Metal AND

Our system consists of a hybrid promoter which contains binding sites for two transcription factors that act as repressors, CzrA and ArsR. In the presence of Met1, CzrA losses affinity for its binding site.

Similarly, if there is Met2 in the cell, ArsR also dissociates itself from its binding site. Taking into account these facts, unless Met1 and Met2 are present in the culture, we can say that the genes under this hybrid promoter will be repressed, just like a AND gate should function!

Repressors

Inputs

Kappa

There is no metal catabolism, so metals just reach an equilibrium and non-toxic concentration within the cell through exporting it out of the cytosol, maintaining the concentration constant. This makes the behavior of a single burst or a continuous dose similar, because the metal levels in just one dose will be constant since metals won’t be degraded.

Transfer Function

We were interested in modelling the output of our logic gates based on the input. This is called the "Transfer function". Imagine this process like a black box that will give you the dynamic concentration through time of whatever is downstream of the "AND" when you feed it with input data. It doesn't matter if it’s a single input burst or a continuous input.

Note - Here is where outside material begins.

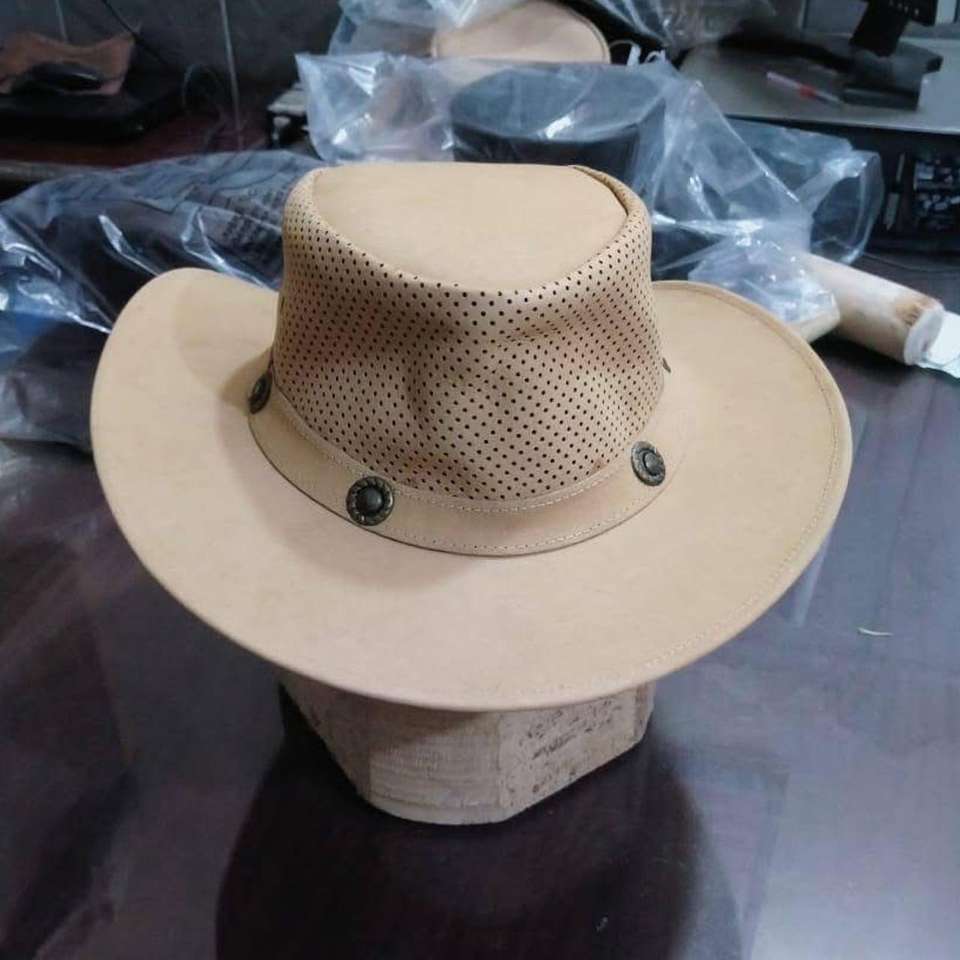 Ceci est un chapeau haut de forme steampunk en cuir de vachette.

Our logic AND gate is fully dependent on the intracellular concentrations of the inducers (meaning metal ions).

Then, to accomplish our duty in model, we use the "Transfer Function", for which it is necessary to take into account the regulation and dynamics of the endogenous B. subtilis intake-efflux system that controls the intracellular concentrations of Heavy Metals and Sugars. All of this is going to be the "Black Box".

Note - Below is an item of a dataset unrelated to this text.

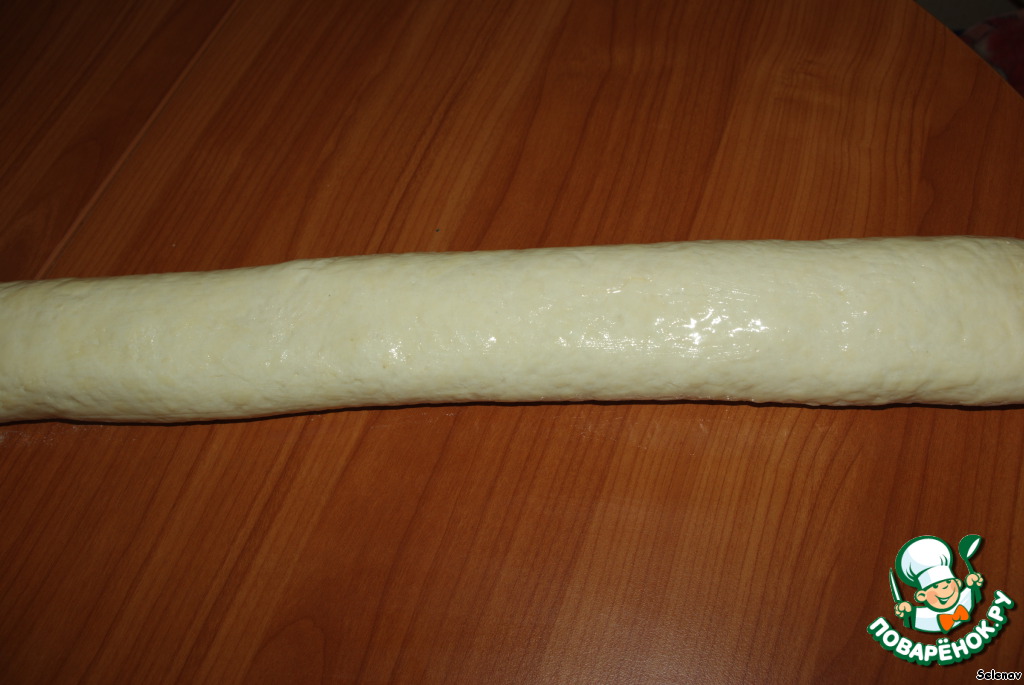 -Раскатайте тесто в прямоугольник размером примерно 40х20 см, толщиной 3 мм

So, our first task was to reconstruct the regulatory network of B. subtilis for the intake-efflux systems. The regulation data was retrieved from several papers and databases like [http://bsubcyc.org/ http://bsubcyc.org/]

Heavy metal AND: Some metals are introduced to the cell by MntH. These metals, in the event of Met 1 being in the cell, are expelled from the cell by a transporter of the CadA operon and those of Met2 set by ArsB. The master regulators of each set are CzrA and ArsR. They control the production of the transporters by repressing them in the absence of metals. Both, CzrA and ArsR repress the expression of LasR or P4 and RFP under the hybrid promoter of CadA+ArsR.

Metal homeostasis in the cell involves an effective response in order to withstand possible stress conditions in which high concentrations of heavy metals are involved. Both approaches, ODEs with Matlab and the stochastic one with kappa, give us similar results. First, we were able to see that the AND response is not as sensitive to higher concentrations. For the AND to have a good performance, low concentrations of Met 1 and 2 are required. As we said, we infer that metal response is a fast process. The accumulation of the output protein shows a sudden increase in production resulting from a very small change in metal concentrations. Another remarkable fact is about the role each TF (CzrA and ArsR) has. Since ArsR represses itself, its production has a succession of spikes. Nevertheless, CzrA increases its production if the metal concentration within the cell also increases, but it doesn’t have a drop in production because their decay depends only on the dilution and degradation of the protein. That way, the effects of CzrA are more notable than ArsR. This is reflected in a greater contribution of Met1 in the regulation of the AND promoter than that of Met2.